For context, Hyperbolic also prices at $0.40/M and posts the fastest run in this snapshot (≈4–5 s), while Together Turbo (~$0.88/M) and AWS Latency-Optimized (~$0.90/M) are quick (≈3–6 s) but live to the right of the green box due to higher token prices. AWS Standard (~$0.72/M, ≈20 s) and Simplismart (~$0.90/M, ≈6 s) illustrate the trade-offs on both axes.
How to use this: choose the lowest-cost point that still meets your latency SLO. If you need sub-8s completions, you may pay a premium with a right-hand provider; otherwise, DeepInfra Turbo offers a compelling balance—budget-friendly $/M with acceptable E2E and earlier charts showing near-top TTFT and tight variance.
OpenRouter’s live routing page offers a provider-agnostic pulse on how Llama-3.1-70B Instruct performs in the wild—tracking average latency (s) and average throughput (tokens/sec) by provider, plus uptime. It’s a different dataset than ArtificialAnalysis (continuous, production-mixed traffic), so it’s useful to sanity-check the trends seen in AA’s controlled runs.

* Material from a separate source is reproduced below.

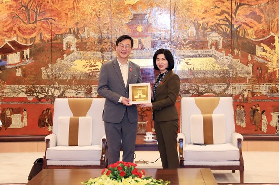 Phó Chủ tịch Thường trực HĐND thành phố Phùng Thị Hồng Hà và Ủy viên Quốc hội Hàn Quốc quận Dongdaemun (Thủ đô Seoul) Jang Kyungtae trao quà lưu niệm

| Provider | Latency (avg, s) | Throughput (avg, tok/s) | Notes |
| DeepInfra | 0.59 | 17.95 | Sub-second latency in most snapshots; solid mid-pack throughput. |
| DeepInfra (Turbo) | 0.33 | 50,42 | Lowest latency in the pack with higher throughput than the standard version. |
| Hyperbolic | 0.64 | 105.6 | High throughput, but at the cost of a significantly higher latency compared to the top of tier. |
| Together.ai | 0.33 | 113.3 | Highest throughput and lowest latency of all providers. But comes at nearly double the price. |
| Simplismart | – | – | No OpenRouter stats |
| Amazon | – | – | No OpenRouter stats |
For coding copilots, IDE plug-ins, and RAG agents, you need three things: instant starts, predictable tails, and sane $/M as prompts get long. DeepInfra checks all three. Turbo (FP8) delivers sub-half-second TTFT with one of the tightest variance profiles, so p95/p99 stay steady under load. Its large-context curve is flat through short and medium prompts and remains competitive at 100k tokens, keeping first tokens flowing even when you stuff the window.

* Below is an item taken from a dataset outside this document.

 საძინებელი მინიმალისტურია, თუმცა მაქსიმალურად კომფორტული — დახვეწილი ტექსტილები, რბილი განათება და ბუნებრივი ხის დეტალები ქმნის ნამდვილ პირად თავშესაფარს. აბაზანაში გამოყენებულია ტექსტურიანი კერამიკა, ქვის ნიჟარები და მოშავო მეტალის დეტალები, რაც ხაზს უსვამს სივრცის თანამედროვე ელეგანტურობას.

On price, DeepInfra’s $0.40/M for Llama 3.1 70B (Turbo and Standard) undercuts the $0.72–$0.90+ cohort, which shows up as a lower cost-per-completion once you hit production volumes. In AA’s E2E-vs-Price view, DeepInfra Turbo sits in the attractive quadrant—low cost with acceptable wall-clock—while others tend to trade one dimension for the other (faster but pricier, or cheaper but slower). OpenRouter’s live stats reinforce the picture: sub-second average latency with solid throughput. Put together, DeepInfra is the most balanced choice for shipping Llama 3.1 70B Instruct to production—fast enough to feel instant, predictable enough for SLAs, and priced to scale.
Disclaimer: This article reflects data and pricing as of October 23, 2025. Benchmarks and provider rates can change quickly, so please verify the linked sources and rerun representative evaluations before making decisions.